Reproduce exactly the line that contains "民泊 シモアテラス小田原鴨宮" and all lines that follow it in the records below, ending with the last one.
(Data)
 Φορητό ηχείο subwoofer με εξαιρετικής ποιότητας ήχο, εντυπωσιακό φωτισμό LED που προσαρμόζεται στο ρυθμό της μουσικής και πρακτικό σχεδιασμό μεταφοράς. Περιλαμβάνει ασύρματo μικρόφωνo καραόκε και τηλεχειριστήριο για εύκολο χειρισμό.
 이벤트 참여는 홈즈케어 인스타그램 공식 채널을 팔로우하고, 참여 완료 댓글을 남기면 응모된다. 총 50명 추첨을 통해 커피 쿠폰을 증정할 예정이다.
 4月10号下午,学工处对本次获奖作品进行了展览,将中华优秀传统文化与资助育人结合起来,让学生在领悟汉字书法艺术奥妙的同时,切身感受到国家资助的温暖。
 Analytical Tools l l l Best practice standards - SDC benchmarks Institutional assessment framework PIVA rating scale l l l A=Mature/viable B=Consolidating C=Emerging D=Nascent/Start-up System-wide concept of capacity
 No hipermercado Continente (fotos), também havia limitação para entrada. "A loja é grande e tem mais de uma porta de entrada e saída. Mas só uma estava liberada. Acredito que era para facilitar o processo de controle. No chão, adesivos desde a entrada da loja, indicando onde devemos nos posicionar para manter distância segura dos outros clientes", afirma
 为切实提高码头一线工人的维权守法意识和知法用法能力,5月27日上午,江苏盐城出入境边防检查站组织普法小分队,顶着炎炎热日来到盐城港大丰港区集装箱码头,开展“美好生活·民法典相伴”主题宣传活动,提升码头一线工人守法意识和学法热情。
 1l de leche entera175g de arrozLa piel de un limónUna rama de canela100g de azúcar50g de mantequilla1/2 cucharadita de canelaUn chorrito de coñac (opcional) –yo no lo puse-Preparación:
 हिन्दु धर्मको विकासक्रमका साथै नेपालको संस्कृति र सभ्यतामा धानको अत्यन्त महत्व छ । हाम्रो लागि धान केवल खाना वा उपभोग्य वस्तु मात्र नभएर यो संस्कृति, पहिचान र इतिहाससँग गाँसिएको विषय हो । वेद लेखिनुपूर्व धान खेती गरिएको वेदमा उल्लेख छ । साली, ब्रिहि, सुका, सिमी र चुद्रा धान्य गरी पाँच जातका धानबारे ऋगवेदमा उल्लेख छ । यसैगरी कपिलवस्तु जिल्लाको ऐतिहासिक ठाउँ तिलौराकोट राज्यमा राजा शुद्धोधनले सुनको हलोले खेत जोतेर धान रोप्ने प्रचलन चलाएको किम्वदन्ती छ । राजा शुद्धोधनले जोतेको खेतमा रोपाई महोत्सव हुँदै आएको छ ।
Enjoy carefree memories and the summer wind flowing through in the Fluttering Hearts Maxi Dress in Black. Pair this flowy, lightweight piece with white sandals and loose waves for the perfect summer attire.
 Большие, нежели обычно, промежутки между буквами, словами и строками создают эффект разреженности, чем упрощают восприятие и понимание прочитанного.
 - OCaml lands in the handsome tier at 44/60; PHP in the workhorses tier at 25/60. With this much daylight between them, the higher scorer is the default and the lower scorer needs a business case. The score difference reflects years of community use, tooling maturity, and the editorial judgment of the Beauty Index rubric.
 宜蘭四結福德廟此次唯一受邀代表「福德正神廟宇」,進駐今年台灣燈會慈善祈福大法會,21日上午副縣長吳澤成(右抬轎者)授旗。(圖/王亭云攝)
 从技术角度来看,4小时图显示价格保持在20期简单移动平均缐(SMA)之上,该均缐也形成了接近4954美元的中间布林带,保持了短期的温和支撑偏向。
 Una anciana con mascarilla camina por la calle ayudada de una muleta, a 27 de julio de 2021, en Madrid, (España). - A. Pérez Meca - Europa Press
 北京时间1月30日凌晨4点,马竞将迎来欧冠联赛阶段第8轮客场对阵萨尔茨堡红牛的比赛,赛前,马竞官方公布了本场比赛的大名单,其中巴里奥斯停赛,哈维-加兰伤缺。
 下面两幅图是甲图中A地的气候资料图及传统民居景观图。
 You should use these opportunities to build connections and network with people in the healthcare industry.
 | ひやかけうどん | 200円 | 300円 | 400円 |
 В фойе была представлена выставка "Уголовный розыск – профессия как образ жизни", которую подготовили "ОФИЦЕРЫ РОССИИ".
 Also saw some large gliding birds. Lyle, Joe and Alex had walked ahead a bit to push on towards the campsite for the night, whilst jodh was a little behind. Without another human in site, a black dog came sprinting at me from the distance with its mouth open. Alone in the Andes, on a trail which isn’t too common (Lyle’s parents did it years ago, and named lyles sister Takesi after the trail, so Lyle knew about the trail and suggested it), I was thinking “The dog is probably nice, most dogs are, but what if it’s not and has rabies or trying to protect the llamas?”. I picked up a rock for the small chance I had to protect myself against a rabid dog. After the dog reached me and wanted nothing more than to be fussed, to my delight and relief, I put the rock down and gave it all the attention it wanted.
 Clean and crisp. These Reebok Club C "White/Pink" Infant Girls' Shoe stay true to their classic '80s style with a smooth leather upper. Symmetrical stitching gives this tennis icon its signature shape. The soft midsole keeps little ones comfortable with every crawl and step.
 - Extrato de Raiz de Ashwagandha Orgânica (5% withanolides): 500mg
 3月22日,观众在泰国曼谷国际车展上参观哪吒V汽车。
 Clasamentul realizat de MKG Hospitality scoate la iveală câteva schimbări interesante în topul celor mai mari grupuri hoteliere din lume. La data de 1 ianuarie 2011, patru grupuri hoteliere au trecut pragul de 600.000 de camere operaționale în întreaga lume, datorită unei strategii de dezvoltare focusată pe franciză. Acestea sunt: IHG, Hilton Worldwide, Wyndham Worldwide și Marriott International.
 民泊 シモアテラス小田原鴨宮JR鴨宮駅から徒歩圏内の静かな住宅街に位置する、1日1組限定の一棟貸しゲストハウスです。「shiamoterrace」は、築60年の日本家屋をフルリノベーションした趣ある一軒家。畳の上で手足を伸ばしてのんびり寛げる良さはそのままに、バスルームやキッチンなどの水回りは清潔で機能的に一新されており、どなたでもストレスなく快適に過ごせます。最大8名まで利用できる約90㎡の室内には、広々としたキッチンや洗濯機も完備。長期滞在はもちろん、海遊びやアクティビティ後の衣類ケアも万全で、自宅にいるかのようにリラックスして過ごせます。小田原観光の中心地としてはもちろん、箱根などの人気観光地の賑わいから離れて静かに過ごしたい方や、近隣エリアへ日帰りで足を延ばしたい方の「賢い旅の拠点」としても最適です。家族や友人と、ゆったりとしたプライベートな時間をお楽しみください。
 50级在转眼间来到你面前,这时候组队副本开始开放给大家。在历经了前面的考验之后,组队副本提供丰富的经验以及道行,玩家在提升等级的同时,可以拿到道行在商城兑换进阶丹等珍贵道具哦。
(End Data)
**Answer section**
 民泊 シモアテラス小田原鴨宮JR鴨宮駅から徒歩圏内の静かな住宅街に位置する、1日1組限定の一棟貸しゲストハウスです。「shiamoterrace」は、築60年の日本家屋をフルリノベーションした趣ある一軒家。畳の上で手足を伸ばしてのんびり寛げる良さはそのままに、バスルームやキッチンなどの水回りは清潔で機能的に一新されており、どなたでもストレスなく快適に過ごせます。最大8名まで利用できる約90㎡の室内には、広々としたキッチンや洗濯機も完備。長期滞在はもちろん、海遊びやアクティビティ後の衣類ケアも万全で、自宅にいるかのようにリラックスして過ごせます。小田原観光の中心地としてはもちろん、箱根などの人気観光地の賑わいから離れて静かに過ごしたい方や、近隣エリアへ日帰りで足を延ばしたい方の「賢い旅の拠点」としても最適です。家族や友人と、ゆったりとしたプライベートな時間をお楽しみください。
 50级在转眼间来到你面前,这时候组队副本开始开放给大家。在历经了前面的考验之后,组队副本提供丰富的经验以及道行,玩家在提升等级的同时,可以拿到道行在商城兑换进阶丹等珍贵道具哦。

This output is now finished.